The Attempt at a Solution
Just would like to see if I am right.
Proof. (of G cyclic [itex]\Rightarrow[/itex] H cyclic)Suppose that [itex]f[/itex] is a surjective homomorphism, and suppose that [itex]G[/itex] is cyclic. Let [itex]G[/itex] be generated by [itex]x[/itex]. I want to show that there exists [itex]y[/itex] such that [itex]y[/itex] generates [itex]H[/itex].

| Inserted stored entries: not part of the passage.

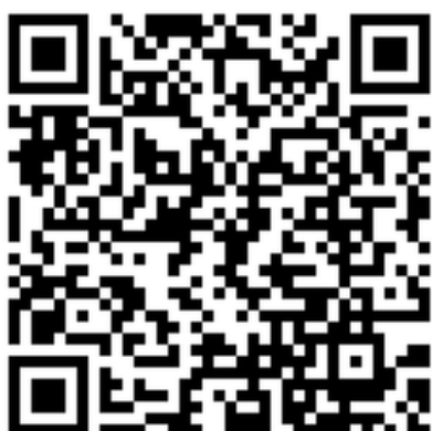
Biuro Karier na Facebooku

Co piątek na Facebooku pojawia się zestawienie wybranych ofert pracy, praktyk i staży z serwisu biurokarier.edu.pl (więcej na stronie 8).
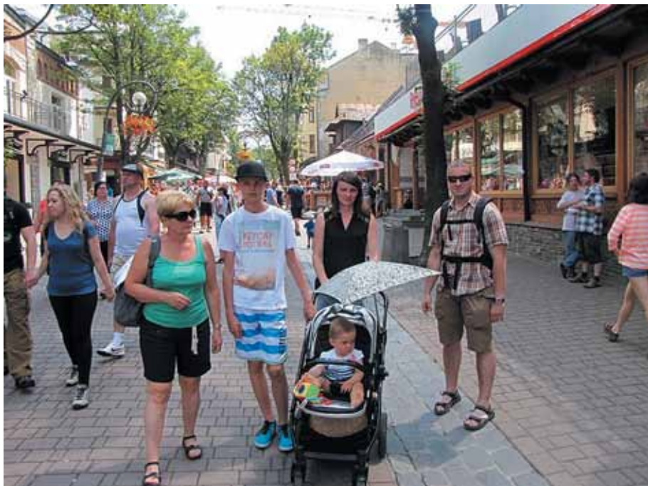
W Zakopanem na Krupówkach

Jak co roku, członkowie Koła w Mota-Engil Central Europe S.A., mieli okazję spędzić lipcowy weekend 17 – 19 lipca br. w Tatrach. Tegoroczna wyprawa to już ósma z kolei wycieczka w celu zdobycia kolejnych szczytów naszych polskich gór.
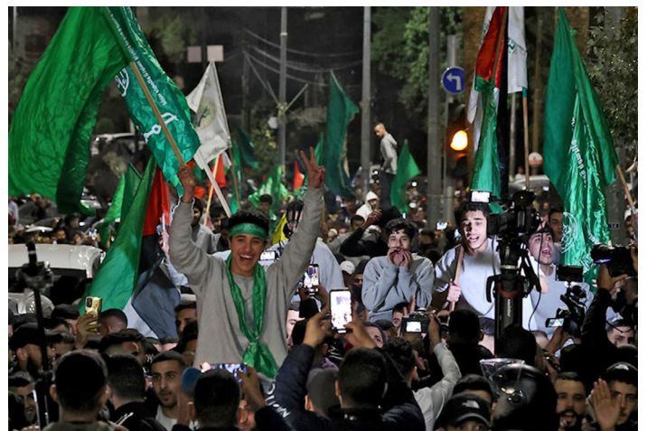
Presos palestinos liberados en Ramallah, Cisjordania
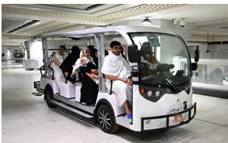
معمرون مستفيدون من خدمة التنقل بالحرم المكي

المدفوعة، التي استفاد منها 86.399 مستخدماً، في حين سجلت العربات الكهربائية "الجولف" 421.144 مستفيداً، واستفاد 15.091 من العربات اليدوية المجانية، ما يعكس حجم التحديتات التي شهدتها خدمة التنقل داخل المسجد الحرام. وتواصل الهيئة جهودها في تعزيز تجربة ضيوف الرحمن من خلال حلول ذكية ومتطورة، تضمن لهم أداء مناسكهم بسهولة ويسر؛ وفق أعلى معايير الجودة والراحة، تحقيقاً لتوجيهات القيادة الرشيدة- أيدها الله- في تقديم خدمات استثنائية لزوار الحرمين الشريفين.
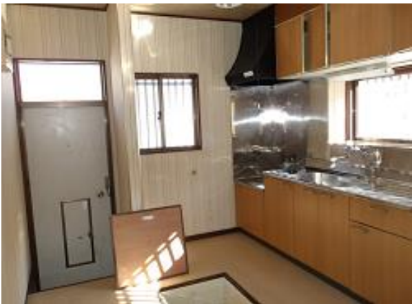
キッチンには床下収納と、勝手口
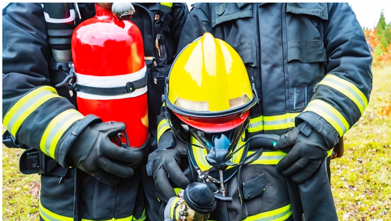
Solo un traje de bombero profesional, tiene un costo de $ $50 millones.

En este sentido, los entes territoriales deben garantizar la inclusión de políticas, estrategias, programas, proyectos y la cofinanciación para la gestión integral del riesgo contra incendios, rescates y materiales peligrosos en los instrumentos de planificación territorial e inversión pública.
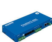
Poseidon2 4002 samotné zařízení.
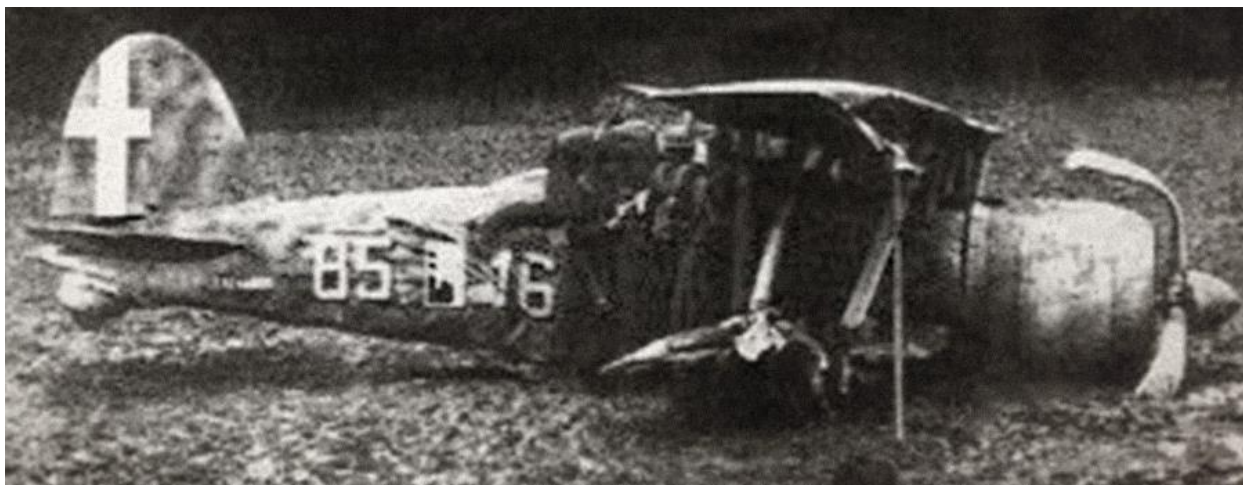
Сбитый 11.10.1940 над Великобританией итальянский Fiat CR.42

В налетах на Великобританию приняли ограниченное участие ВВС Италии
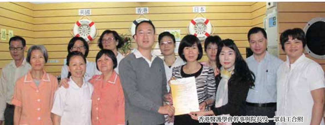
香港醫護學會幹事與院長及一眾員工合照
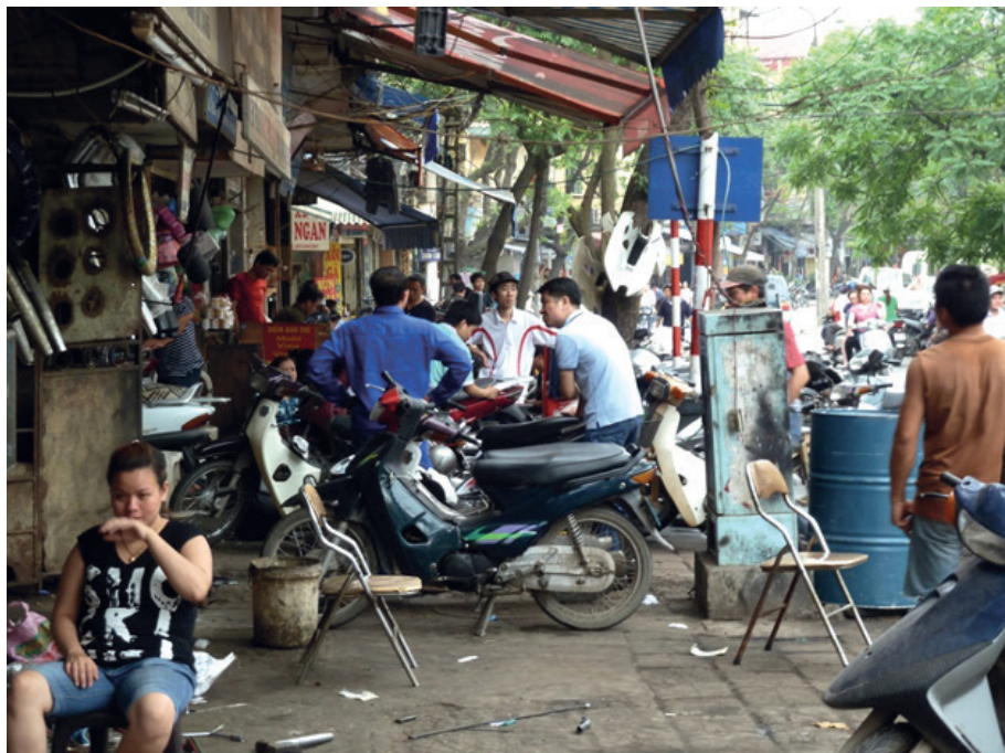
Figura 11 Ocupación de la calle. Vietnam, 2011

una nueva y diferente manera de pensar el diseño de la planificación urbana, una nueva y urgente respuesta única en la historia de la evolución urbana de las mega ciudades, que nacerán en un futuro muy cercano.
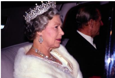
英女皇伊利沙伯二世
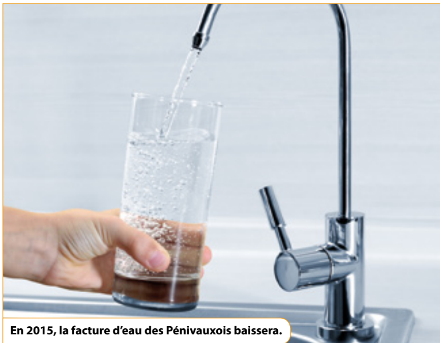
En 2015, la facture d'eau des Pénivauxois baissera.
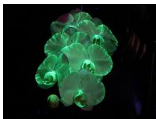
光るコチョウラン

会場には毎年人気の展示を始め、世界初公開となる、遺伝子組み換えによって開発に成功した、ブラックライトの下で幻想的に輝く『光るコチョウラン』や、九州南部から沖縄にかけて見られる「オキナワチドリ」や「イリオモテラン」など、南西諸島の貴重な蘭を集めた展示「自然の楽園 南西諸島に咲く蘭」が初登場します。さらに、世界らん展の目玉である展示即売ブースには、4年ぶりに海外からの出展が復活します。ペルー、エクアドル、台湾など合計7か国・地域の生産者が集まり盛りだくさんの内容となっております。
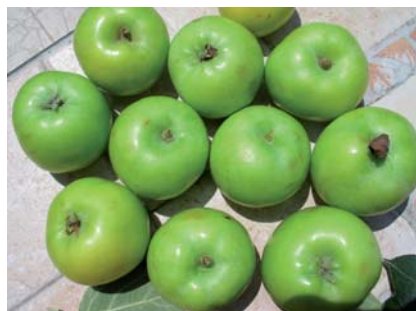
Frutti di Mela di Maggio (N. Biscotti)

Di varietà a buccia "verde" n'esistono oggi appena 37 delle circa 600 che sono segnalate nell'Elenco delle cultivar autotone italiane (CNR, BALDINI et al., 1994). Sono piemontesi, del Trentino Alto Adige, Emiliane. nessuna invece dell'Italia Centro-meridionale. Per la mela di Maggio del Gargano, nessuna attenzione di tutela.
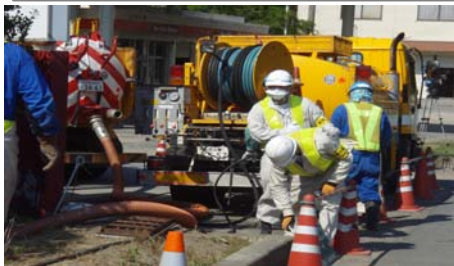
排水管清掃車による側溝清掃

作業は小型清掃車による歩道の清掃および側溝の清掃で、放射線量の測定などをしていました。暑い中で除染作業をしているみなさんは、本当に大変だと思いました。これで、元の校舎で授業が再開できれば、子供たちも喜ぶと思いました。
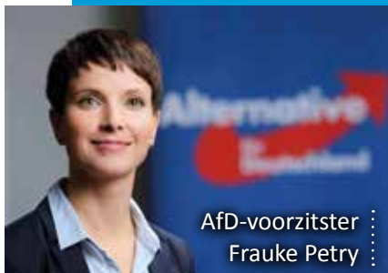
AfD-voorzitster : Frauke Petry :

In de herfst van 2013 nam de partij meteen deel aan de Duitse Bondsdagverkiezingen. Ze bleef met 4,7% van de stemmen net onder de kiesdrempel, waardoor tot op heden AfD geen verkozenen heeft in het nationale parlement. Maar het was duidelijk dat het prille zaad in vruchtbare aarde viel. Bij drie deelstaatverkiezingen haalde de partij in 2014 meteen 10 tot 12%. In mei 2014 trok de AfD onder leiding van medevoorzitter Bernd Lucke met 7 verkozenen naar het Europees parlement. Het voorzitterschap van de partij werd tot juli 2015 gedeeld door Bernd Lucke (ook één van de oprichters), Frauke Petry (foto) en Konrad Adam.
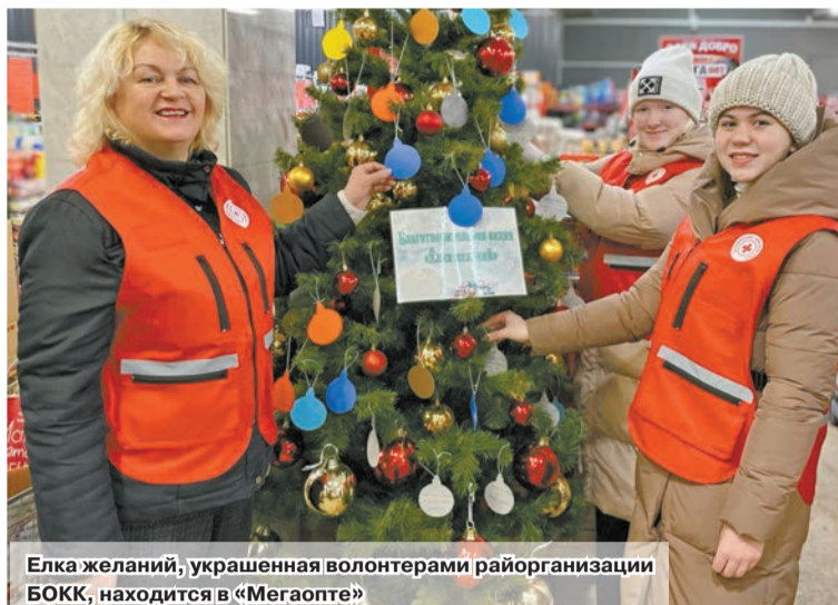
Елка желаний, украшенная волонтерами райорганizations БОКК, находится в «Мегаопте»

В канун Нового года все ждут подарков и чудес, и особенно дети. Однако не у всех есть возможность получить их от родных и близких. Но сегодня каждый неравнодушный человек может по-новогоднему порадовать ребенка, семья которого оказалась в сложной жизненной ситуации. Для этого нужно заглянуть в магазин «Мегаопт» на ул. Советской и поучаствовать в благотворительной акции «Елка желаний», которую проводит Белорусское общество Красного Креста.
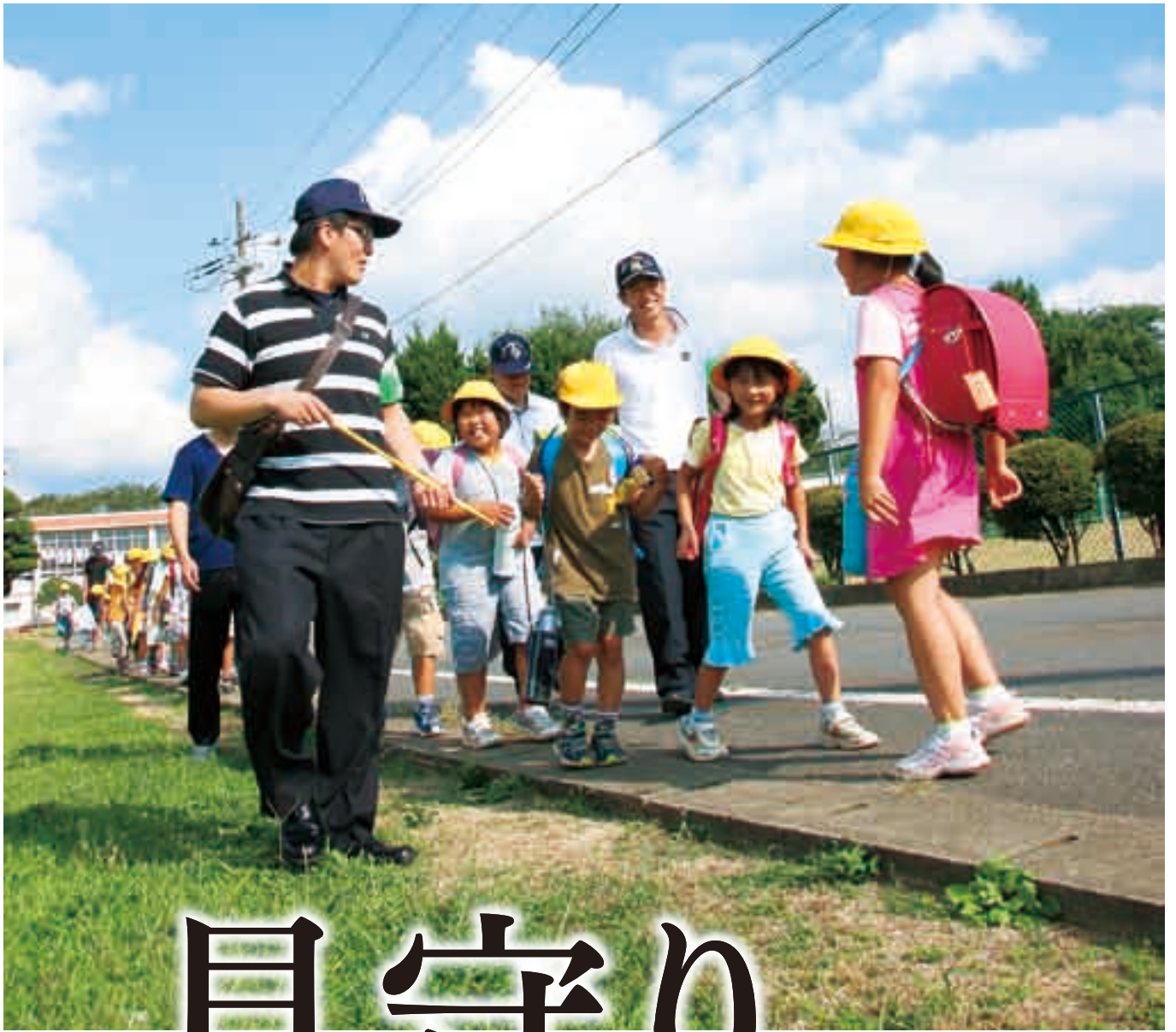
「今日のご飯は何かな」。思い思いの会話を交わし帰路につく(遠山小学校)
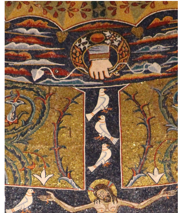
Apsis-Mosaik San Clemente

First I will prove that [itex]\forall x^n \in G[/itex] [itex]\Rightarrow[/itex] [itex]f(x^n) = f^n(x)[/itex]. As our base case for [itex]n=1[/itex] we cite that [itex]f(x e_G) = f(x) f(e_G) = f(x)[/itex]. Next suppose that [itex]f(x^n) = f^n(x)[/itex] (Inductive hypothesis). Then [itex]f(x^{n+1}) = f(x^n x) = f(x^n) f(x) = f^n(x) f(x) =f^{n+1}(x)[/itex], which from our inductive hypothesis.
The proof that [itex]\forall x^{-n} \in G[/itex] [itex]\Rightarrow[/itex] [itex]f(x^{-n}) = f^{-n}(x)[/itex] is similar.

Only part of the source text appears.